O resultado é uma loucura, porque a atmosfera do show está toda lá, a energia. Um trabalho profissional pode ter um resultado asséptico, sem gosto. A desvantagem de um video "caseiro" talvez fosse uma coisa meio frankestein, sem pé nem cabeça, mas não foi isso que eu vi. Ele soube tirar o melhor de cada video que ele coletou e a reconstituição do show é supercoerente.

Entendi o que realmente é um deja-vù. Quando coloquei o DVD no meu aparelho, a vinheta já me deu arrepios. Afinal, é muito difícil reviver uma situação integralmente, só com um vídeo ou uma foto. Forrest já tinha me alertado que alguns momentos do video seriam incríveis e não aguentei. Pulei para Karma Police, que foi um dos pontos altos do show, e meu também. Foi quando eu desencanei: "Meu, você está aqui! O que mais você quer?" Uma verdadeira epifania. Para mim, o show começou ali. Quando vi o video, só não chorei pra valer porque eu sou durona, mas bem que eu senti os olhos marejarem. Choreeeeeeeeeeeeeeeeeeei em Karma Police!

E foi seguindo assim, pelo vídeo inteiro. Música por música. Espertamente, ele manteve o áudio original em momentos-chave do show. Fiz bem em ter me conformado de ter visto um Thom Yorke do tamanho de um Playmobil. Eu ouvi, senti, participei e quanto a ver, deixei para alguns meses mais tarde, quase sem querer. Foi uma pena não ter podido ver lá, mas graças ao Andrews Ferreira Guedis e meu Vizinhíssimo, eu vi o show refestelada no sofá com minha colcha de chenile pré-histórica preferida. Tudo bem que no show de verdade não tinha mãe falando de geladeira em promoção, mas também não dá para se ter tudo nessa vida ao mesmo tempo, não?

Agora eu acredito de verdade que eu estive no Just a Fest em março deste ano. Copiando descaradamente o Oráculo de ZÉlfos, eu encho os pulmões e exclamo num ruído luminoso, alto e claro para quem quer que seja: Eu tavu lá!


Ps.: As imagens não carecem de créditos. Meu celular também estava em ação aquele dia. :-P

domingo, 7 de junho de 2009

Grito em fatias

Ensaiei este início de textículo inúmeras vezes e para arrematar, ensaiei mais uma. Existem coisas sobre as quais penso em falar e não falo, outras, simplesmente me dão vontade de falar. E é a vontade quem manda. E o fato é que nestes últimos dias não tive a menor vontade de escrever nada, por mais que existam coisas que merecem e que precisam ser ditas.

Paralisei não só porque os dedos congelaram de frio, mas também por ter um nó gigante na garganta, que não consigo cuspir com um grito bem sonoro, daqueles de ensurdecer o mundo.

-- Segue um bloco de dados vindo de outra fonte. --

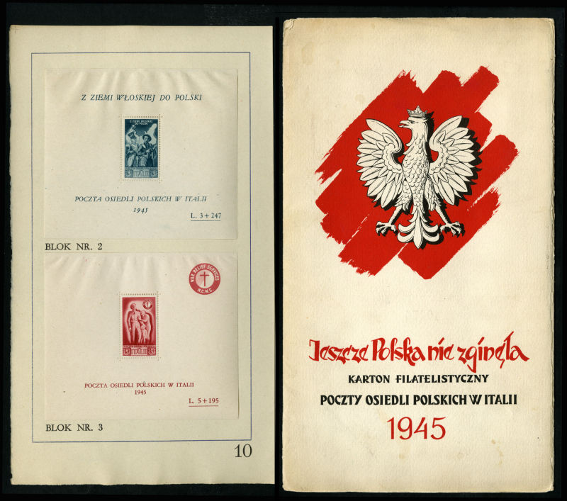 WORLD WAR II OCCUPATION ISSUES Polish Corps in Italy - Corpo Polacco 1946 special presentation folder with Polish Eagle and opening lines of the Polish National Anthem on front cover, with stamps and all three souvenir sheets inside adhered to ten
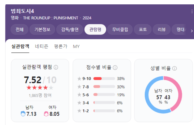 범죄도시 4의 평점은

Para não deixar minha seleta audiência mouca, eis que vem um grito em fatias.

Fatia nº1 - tenho lido jornal ultimamente: o Estado (Novo) e a Folha (Ditabranda) - de graça porque não dou um real em nenhum dos dois - e tanto um quanto o outro desataram a falar de Educação e do professorado. Não sei o que é pior: se é quando criticam ou quando resolvem defender. As duas vertentes põem a classe para baixo do cu da cobra do mesmo jeito. Mas que merda: a Educação não precisa ser um ato heroico ou fruto de idealismo puro. É uma carreira como qualquer outra, precisa ser atraente para trazer para si gente talentosa e competente, não idealista. E para deixar bem claro: atraente não só financeiramente, porque engana-se redondamente quem pensa que é só grana que move uma pessoa a escolher e permanecer numa carreira. É satisfação pessoal também, até mais que dinheiro, para alguns. E há quem chame isso de idealismo. Uma pinoia. Idealismo é coisa pra gente burra¹.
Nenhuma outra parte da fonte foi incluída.